Big sound, tiny speaker – Innovative modeling approach for micro loudspeakers
The Internet of Things and especially the Internet of Voice require energy-efficient and high-quality audio devices. In-ear headphones are a particular challenge in this regard. These battery-powered miniature devices are expected to cover an ever-increasing range of functions. An innovative loudspeaker technology developed by the Fraunhofer Institute for Photonic Microsystems IPMS represents an important development push due to its small size and high energy efficiency. New research results enabling order-reduced modeling have now been presented in the Nature Journal Microsystems & Nanoengineering.
The loudspeaker technology developed by Fraunhofer IPMS, with its silicon-based sound transducer principle, which no longer has a conventional membrane, is a novelty. Instead, the membrane has been cut into strips which are combined in a silicon chip in the form of a large number of bending bars – similar to the strings of a harp. With their integrated electrostatic drive, the bending bars, which are which are not wider than the fraction of a hair, form a completely new class of bending actuators. When an audio signal voltage is applied, they are excited to oscillate and generate audible sound waves. By integrating all components directly in the silicon chip, these sound generators are much smaller and more energy-efficient than conventional loudspeakers. This new type of extremely small micro-speaker now offers the space to integrate a wide range of additional functionalities into future in-ear headphones. For example, they allow smart hearable applications such as instant translation, payment functions and other Internet services – all voice-controlled and without looking at the smartphone. These multi-talents could even take over complete Internet communication in the future.
New research results on order-reduced modeling.
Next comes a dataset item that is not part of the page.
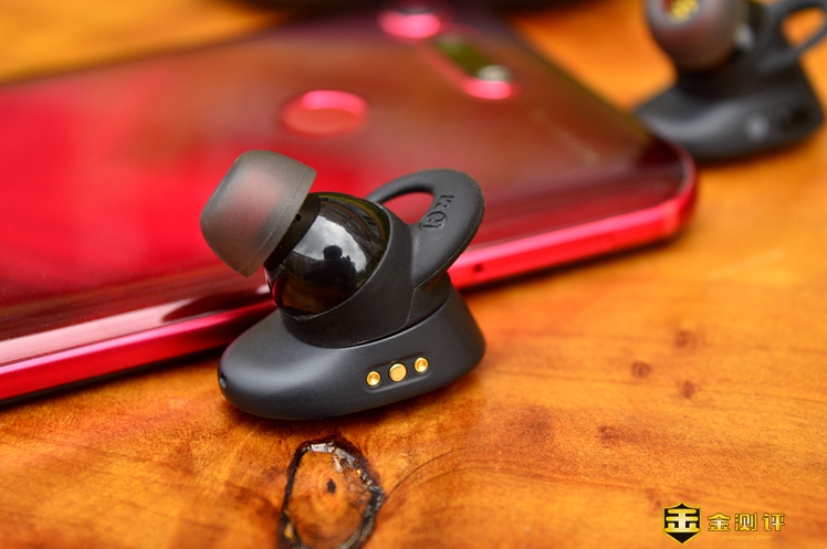 耳机有3个充电触点,猜想可能与快速充电有关,充电仓的两边触针是弹性的,依靠耳机自重将其压下,然后中间的触点接触,构造很复杂。

In the course of further development and research of this innovative speaker technology by Fraunhofer IPMS, another paper has now been published, which appeared in the Nature Journal Microsystems & Nanoengineering. Electrostatic deflected microbeams are widely used in the world of micro-electro-mechanical systems (MEMS) and have a high priority given current technological trends. In particular, the development of complex systems with many individual MEMS components relies on the existence of reliable reduced-order models. In this context, reduced-order models can describe the location dependence of the deflection of a beam with a single degree of freedom, which greatly simplifies the solution of the associated equations, or often makes it possible in the first place. However, the behavior of microbeams is highly nonlinear, which makes deriving such models challenging, as many such degrees of freedom are needed to achieve reasonable accuracy. „In this paper, an important step has been taken for the further development of reduced-order models of electrostatically deflected microbeams by numerically and experimentally investigating the modal contribution of Euler-Bernoulli modes to the static deflection,“ reports Anton Melnikov, a scientist at Fraunhofer IPMS and first author of the paper. „It turns out that in the parameter range commonly used for MEMS, the zero mode over the entire stroke of the beam contains all the important information to represent the overall behavior with high precession,“ he continues. These findings, obtained as part of a project funded by the Fraunhofer Future Foundation, allow the creation of reduced-order models based on projection onto the Euler-Bernoulli zero mode, which enables accurate mapping of microbars over a single degree of freedom.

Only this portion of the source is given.